» **INFORMATION SHOWN**
= Beginning of Section =
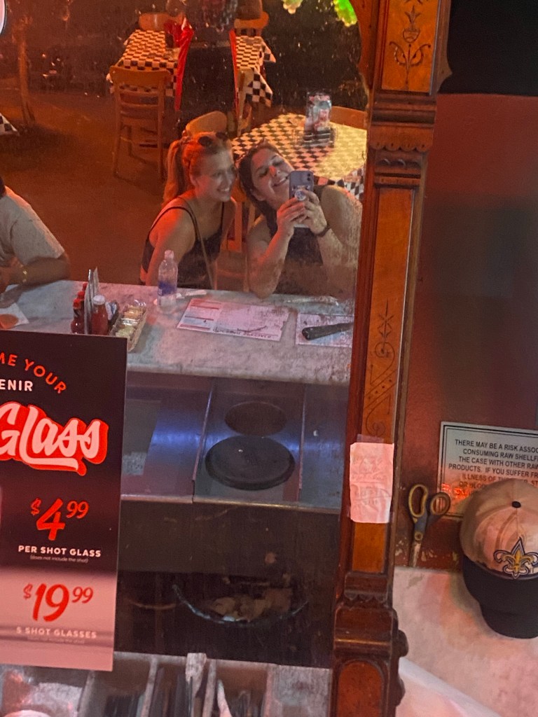 Bourbon Street was filled with SO many bars & we were HOPPIN. One cool thing about Bourbon Street that I didn’t know beforehand was that you are allowed to leave a bar with an alcoholic bev & GO INTO ANOTHER BAR WITH THAT SAME DRINK. This was KEY when trying to hit a bunch of bars without getting toooo drunk & also not spending an arm & a leg on drinks. Another bar that we loved was Beach On Bourbon (pictured). This outdoor patio bar was where we posted up & funny enough we even ran into another bachelorette party! Beach On Bourbon is home to awesome live music & a poppin’ courtyard with a color-changing fountain in the center LOL. This is a nice little escape off of the street tucked behind Voodoo Chicken & Daiquiris. The slushy drinks may look tempting, but best to avoid the sugar rush if you are in it for the long haul LOL.
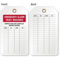 • • Equipment Inspection Tags feature pre-printed text on both sides which include inspection and maintenance logs, checklists, or warnings and hazards. In addition, they include blank spaces for the inspecting employee to sign – confirming that the equipment has been checked.
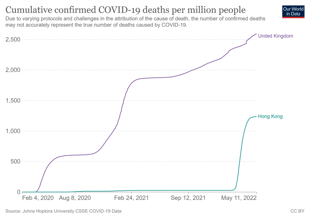 It is true that Hong Kong had a nasty March. However, the scale shouldn’t be exaggerated. Hong Kong’s Omicron wave was almost identical to the U.K.’s 2020-21 winter Alpha wave – the U.K. suffered 1,240 deaths per million against Hong Kong’s 1,210. It is curious that for Hong Kong the deadly wave occurred with the Omicron variant, which has been mostly mild elsewhere, but that oddity doesn’t change the overall numbers. The U.K.’s ICUs were not overwhelmed during the winter of 2020-21, though it was extremely busy.
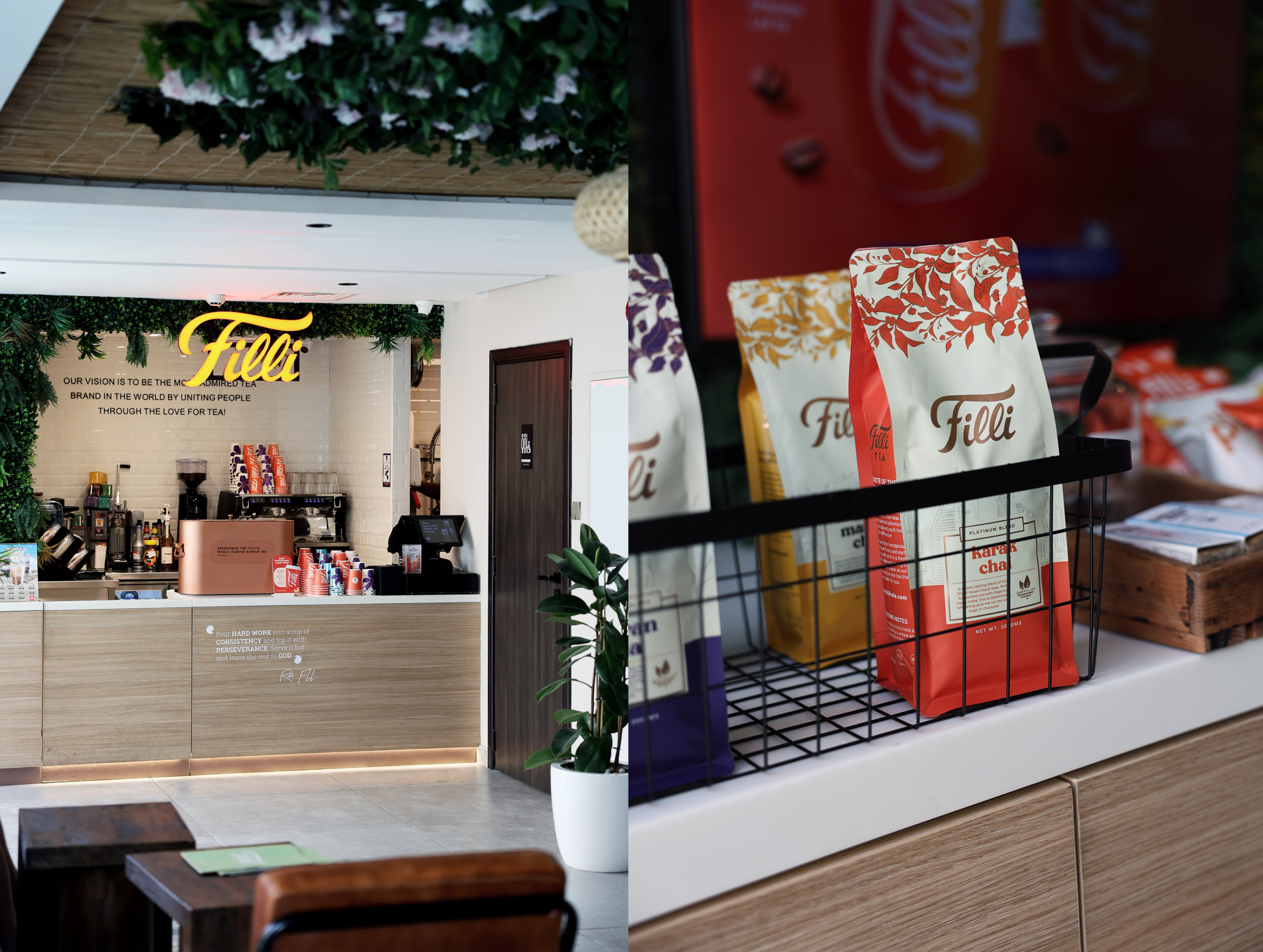 At an urban scale, the café acts as both threshold and retreat. Externally, the discreet placement of the Filli emblem against the whitewashed NAS House façade reinforces its connection to the collective identity, while internally, spatial planning emphasises fluid circulation, transparency, and visual openness.
= End of Section =
» **YOUR OBJECTIVE**
Type the material out again exactly. Skip the pictures.

» **REPLY TO THE TASK**
 Bourbon Street was filled with SO many bars & we were HOPPIN. One cool thing about Bourbon Street that I didn’t know beforehand was that you are allowed to leave a bar with an alcoholic bev & GO INTO ANOTHER BAR WITH THAT SAME DRINK. This was KEY when trying to hit a bunch of bars without getting toooo drunk & also not spending an arm & a leg on drinks. Another bar that we loved was Beach On Bourbon (pictured). This outdoor patio bar was where we posted up & funny enough we even ran into another bachelorette party! Beach On Bourbon is home to awesome live music & a poppin’ courtyard with a color-changing fountain in the center LOL. This is a nice little escape off of the street tucked behind Voodoo Chicken & Daiquiris. The slushy drinks may look tempting, but best to avoid the sugar rush if you are in it for the long haul LOL.
 • • Equipment Inspection Tags feature pre-printed text on both sides which include inspection and maintenance logs, checklists, or warnings and hazards. In addition, they include blank spaces for the inspecting employee to sign – confirming that the equipment has been checked.
 It is true that Hong Kong had a nasty March. However, the scale shouldn’t be exaggerated. Hong Kong’s Omicron wave was almost identical to the U.K.’s 2020-21 winter Alpha wave – the U.K. suffered 1,240 deaths per million against Hong Kong’s 1,210. It is curious that for Hong Kong the deadly wave occurred with the Omicron variant, which has been mostly mild elsewhere, but that oddity doesn’t change the overall numbers. The U.K.’s ICUs were not overwhelmed during the winter of 2020-21, though it was extremely busy.
 At an urban scale, the café acts as both threshold and retreat. Externally, the discreet placement of the Filli emblem against the whitewashed NAS House façade reinforces its connection to the collective identity, while internally, spatial planning emphasises fluid circulation, transparency, and visual openness.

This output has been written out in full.